I'm the quiet guy in the corner who considers sex a sacrament, as well as marriage, and thinks the two work best when they're purposely housed beneath the same roof. To my mind, the bath house is not a physically or spiritually (I don't separate the two) healthy environment in which to experience the sacrament. I believe a human being actually needs to recover from (as a for instance) group sex.
Furthermore, it would sadden me if either of my daughters' coming-of-age experience included some time in a bath house.
But the human spirit is a resilient thing. It can survive a Warrior For The Lord boot camp; it can survive extended exposure in a bath house. But I'd say in both cases, there is more than a little "figuring it all out" required when the tenure is up.
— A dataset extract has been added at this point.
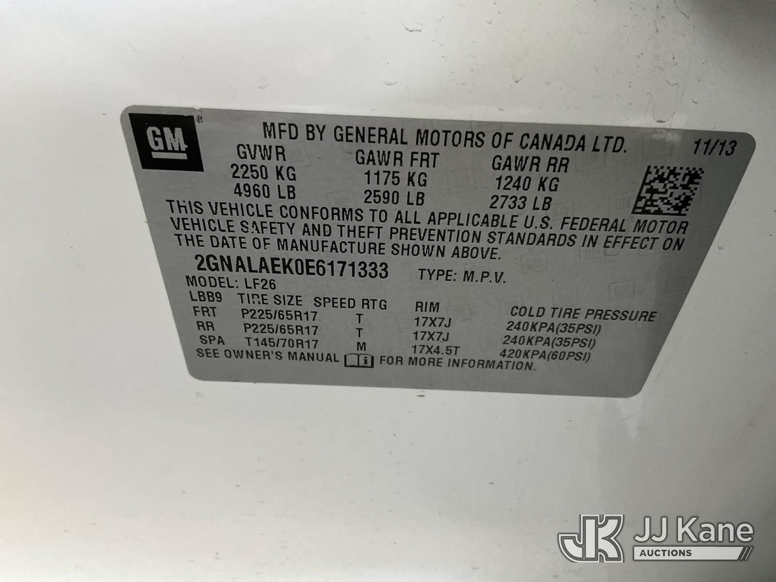 2014 Chevrolet Equinox 4-Door Sport Utility Vehicle, 4-cyl gas, 6-Speed Automatic, A/C, (153,256 miles) (Runs & Moves) This is a Titled Item NOTE: This unit is being sold AS IS/WHERE IS via Timed Auction and is located in Jurupa Valley, CA. Inspection & preview days for this unit are the 2 business days prior to the first day of items closing for this auction, item is located at 4510 Muth Way Jurupa Valley, CA 92509 and hours of operations are 8a-4p. For pre-sale questions, please contact please contact Office Staff @ (310) 353-7140. Dealer License Number 45696. (Buyer is responsible for removal. Assistance by consignor or JJ Kane Auctioneers is not assured.)

My question to you is this: what purpose does this video serve on your blog? My guess is that most of your readers don't need convincing of the malign intentions of Evangelicals and Republicans, just as most of their number don't need convincing of the unhealthy lifestyle of the Gay Community. I'd propose that the truths which both camps need to face lie in a very uncomfortable spot between the two extremes. If we can't be the first ones (sorry - I'm gay now) to take tentative steps in that direction, I don't see much hope for progress.
But I'm just a crazy liberal that way!
Much love, Darrell
LIGHTS
So snarky, this talk-back from that brainy Mennonite. I'd slap him but he'd just go and turn the other cheek so where's the fun in that? Seriously though, much love to Darrell in return for standing up to my ranting. Contrary to popular belief, I don't blog just to force my own opinions on people, I'm aiming at a dialogue here (for years now, I've been hoping some irritated American will write me and explain exactly WHY the Bush Republicans must remain in power -- just ONE good reason, please! -- but, alas, only silence).
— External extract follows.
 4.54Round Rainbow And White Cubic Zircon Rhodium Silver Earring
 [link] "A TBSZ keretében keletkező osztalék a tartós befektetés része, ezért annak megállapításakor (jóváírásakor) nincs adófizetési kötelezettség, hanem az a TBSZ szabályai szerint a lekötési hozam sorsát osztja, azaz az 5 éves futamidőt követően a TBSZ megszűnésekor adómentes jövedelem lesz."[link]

Let me move along through Darrell's questions with each paragraph. First, he asks:
what are the chances the North American Gay Community...will promote a sexual paradigm of trust, respect, sensitivity and safety - a commonly recognized "manifesto" for humanity at large?
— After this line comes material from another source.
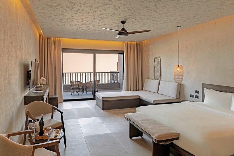- 51-60 m², Junior Suite, Výhľad na more (čiastočný bočný výhľad), Manželská posteľ, Sprcha alebo vaňa, Fén, Kozmetické zrkadlo, Klimatizácia, Minibar (za poplatok), Trezor, TV, Káva/čaj, Terasa (zariadená), Priamy prístup k bazénu, Spoločný bazén
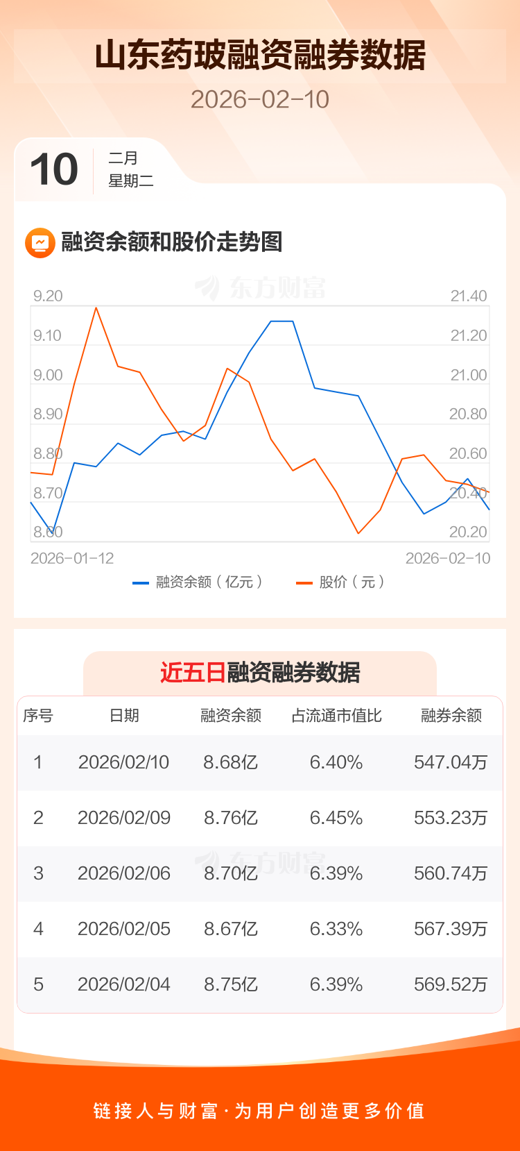 交易所最新数据显示,山东药玻于2026年2月10日获融资买入604.43万元,融资偿还1414.27万元,当日融资净偿还809.84万元。目前,该股融资余额8.68亿,占流通市值比例为6.40%。

Hmmm. I'd say the chances are not bloody likely. No, I'm just kidding. Half-kidding. See, don't ask me -- I'm a misanthrope. The problem with gay people is that they're people -- they carry forth the same trust, respect, sensitivity and safety as their heterosexual friends and family, no more and no less. And, watching the evening news, I'd say hopefully no less whatsoever.
LOVERS IN THE BACKSEAT
But I'm being snide. It's unattractive. More importantly, I'm dodging the real thrust of Darrell's question which is, why do gay men have cheap, anonymous, unhealthy, promiscuous sex more often than straight people do? Sorry, my homo brothers, it IS a legitimate question but -- ah! not so fast, my straight pals -- not THAT legitimate -- I've been on craigslist lately and I also know that gays did not (as rumoured) invent the sexual revolution, we just happily rode on its coattails. No, as always, the truth is somewhere in the middle so let's talk promiscuity.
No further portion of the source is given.